The sooner I acknowledged the feelings, the less intense they were.

In sitting with my emotions, I also found some lines between what I ate and what emotion it was specifically attached to (interesting, right?).  When I went for a hot cup of tea, I was usually looking for a hug.

The sooner I acknowledged the feelings, the less intense they were.

Now I know I have choices: I have a few people I can call who will either come give me a hug or just listen and comfort me. Sometimes I drink the hot tea, but with a new intent: It’s the equivalent of giving myself a hug. I developed the ability to identify what causes the urge and make a better choice.

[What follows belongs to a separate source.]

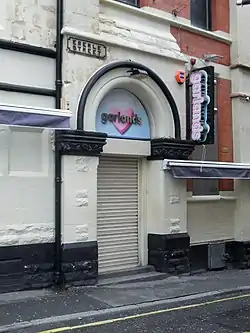 By 1975, most of the bars that had provided a safe haven for so long around Queen Square had been demolished to make way for the new St. John's Shopping Centre, Roe Street Gyratory and bus station.[45] The Bar Royal on Wood Street had become the 'place to be'.[46] Guests there were heavily vetted on arrival by its owner Sadie and the main door was bolted as people entered. The bar became a hive of activity where students mixed with dockers and glamorous transvestites and transsexuals mixed harmoniously with lesbians and gay men. By the close of the decade, the various groups had separated as heterosexual 'New Romantics' had begun to take over. After a brief close, re-opening and boycott due to rampant misogyny, the bar finally closed when Sadie died in the late 1980s.[47][48]

Understanding what I got out of negative coping skill helped me identify options for change.

Final Thoughts

What makes negative coping skills dangerous is that they easily become a self-feeding cycle. I hurt, so I cut myself. I feel shame because I cut myself, reinforcement that I am “different,” “abnormal,” or “don’t belong.” These thoughts bring on shame, and so I cut myself again to cope with this new emotional pain. When we take the time to dig in to these skills and understand why we do them, it becomes easier to identify better, more positive coping strategies and follow through and implement them.

There is no shame or judgment around the negative skills we’ve developed. We created them for a reason, and we are not the only ones who live with them. In fact, most people have at least one negative coping skill, whether or not they live with mental illness. Facing and acknowledging them is the first step to change, and one I know you can do. I believe in you.